Managing Relationships with Those with Borderline Personality Disorder
Borderline Personality Disorder (BPD) can be a confusing diagnosis and one that is often misunderstood. Though we may have come to hear the term “borderline” more frequently in daily language to describe people who seem to have extreme reactions to things, it can still be hard to recognize the symptoms of BPD, especially in those we are close with, whose symptoms we may have been managing without wanting to or realizing we have been for awhile. People with BPD tend to have volatile relationships, where seemingly minor interactions set off outbursts or reactions that can feel irrational or extreme to the person on the receiving end. BPD also often presents alongside other conditions, such as depression, anxiety, or substance use disorders, further adding to the difficulty in understanding what someone may be presenting with or experiencing.
Your Experience with a Loved One with BPD
While it can be important to remember that those living with BPD are themselves experiencing a tremendous amount of pain–their destructive or seemingly erratic behavior is a reflection of the inner turmoil they are experiencing–maintaining a relationship with a loved one with BPD comes with its own pain, as well.
Everyone’s experience varies, but some common experiences you may experience when in a relationship with someone with BPD are:
Having to be cautious about how you approach them: Since people with BPD often experience extreme emotional reactions, it can feel like small things can unpredictably set off someone with BPD. You might realize you are walking on eggshells for fear of triggering that emotional response, and learn to hide what you’re thinking or feeling in an effort to maintain peace.

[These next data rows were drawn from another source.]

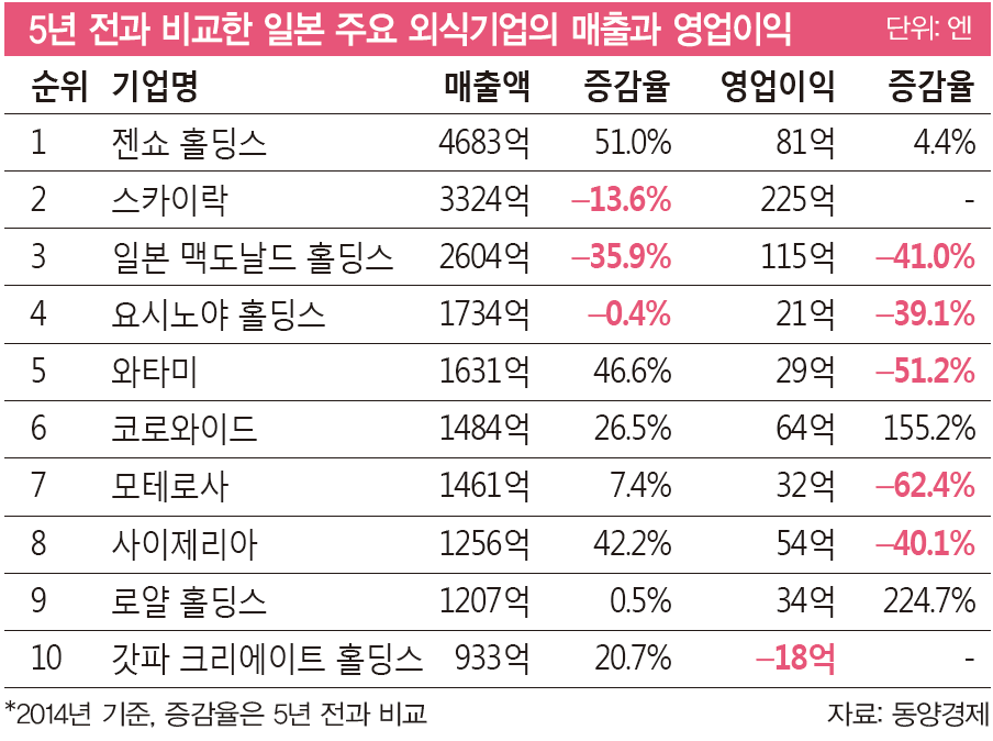 어떻게든 매출을 늘리고자 많은 외식 기업이 신규 출점으로 활로를 모색해왔지만 대량 출점이 더 치열한 경쟁을 불러와 기존 점포의 수익성마저 악화되고 있다. 매출이 늘어난 기업도 이익은 전에 비해 크게 줄었다. 엔저에 따른 원가 부담 증가와 심각한 인력 부족도 걱정거리다. 경기가 오름세를 보이며 여러 업종에서 채용이 활발해져 고된 일에 비해 대우가 뒤쳐지는 외식업계에 좀처럼 사람이 모이지 않는다.
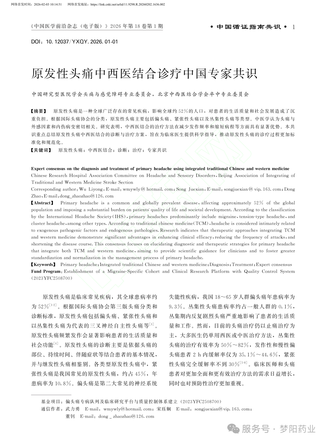 祝贺梦阳药业“大川芎片”纳入《原发性头痛中西医结合诊疗中国专家共识》
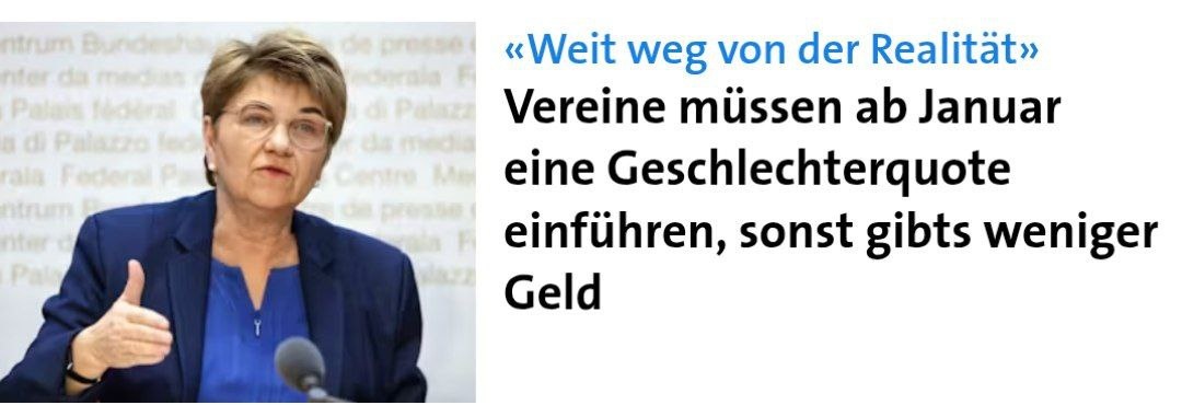 С 1 января 2026 года местные спортивные клубы Швейцарии должны будут соблюдать более строгие требования, чтобы получать федеральные субсидии по программе Jugend+Sport (J+S). В их уставах необходимо будет прописать ограничение срока полномочий членов правления и гендерную квоту. Поводом для реформы стала инициированная бывшей федеральной советницей Виолой Амхерд корректировка Постановления о поддержке спорта — реакция на нарушения, ставшие известными благодаря делу «Протоколы Магглингена». Для национальных федераций эти правила действуют уже с начала 2025 года: в правлении должны быть представлены как минимум 40% женщин и 40% мужчин. Однако, как показал анализ газеты Neue Zürcher Zeitung в октябре, более половины спортивных федераций не достигли требуемой доли женщин. «Далеко от реальности в клубах» Региональные клубы тоже сталкиваются с трудностями. Swiss Olympic рекомендует 40-процентную долю женщин, но обязательным является только то, что каждый клуб должен установить свою собств

Being praised and devalued frequently: Those with BPD often have a hard time living with the reality that people, including themselves, can contain parts that are both “good” and “bad”. As a result, they may only be able to experience you as either all good–a perfect friend, or partner, or family member, or all bad–a selfish, uncaring person.
Feeling stuck or manipulated during interactions with them: The emotional extremes that people with BPD experience may mean that they will behave in accordance with how they feel, and that can include volatile, sometimes even scary or dangerous, behavior. To try and maintain a sense of safety, those in relationship with someone with BPD may find themselves feeling stuck, fearing what will happen if they leave or cut off contact.
What Can You Do
There is not necessarily a handbook for what will work with everyone with BPD, but given the emotional volatility and fears of abandonment, or rejection those with BPD often encounter, these are some recommendations for what can help:
Validate their feelings: While it can be tempting to want to talk someone out of how they’re feeling, particularly if it does not seem to reflect reality to you, it can be effective to validate the feelings and thoughts of someone with BPD. They are already experiencing intense emotions, and may feel alone in these moments, so, while difficult, it can prove helpful to express sympathy for them about how they’re feeling, rather than to try and explain why their feelings seem extreme.
Maintain calmness: When people with BPD are experiencing intense emotions, especially anger, directed at you, it’s natural to tend to defensiveness or anger in response. However, in these moments, it’s important to remember that the anger they are experiencing then, even if intense, is only one element of what they’re feeling. Remaining calm in the face of this, may help them move to other elements of their emotions, rather than exacerbating the anger.
Set boundaries: Setting boundaries with someone with BPD can be difficult and daunting at first. However, the slow, calm introduction of boundaries–i.e. When you will and will not be available for communication, what type of behavior you will or will not accept–presented without anger or accusation can benefit both you, as well as them, over time.
Recommend therapy: This can apply to both the person with BPD, as well as for yourself. Therapy for someone with BPD can be difficult, but there is evidence of symptom improvement over time, particularly with certain modalities like Dialectical Behavior Therapy. At the same time, it can be stressful and difficult to manage a relationship with a loved one with BPD, and it’s important to also provide yourself the opportunity to reflect and process the relationship.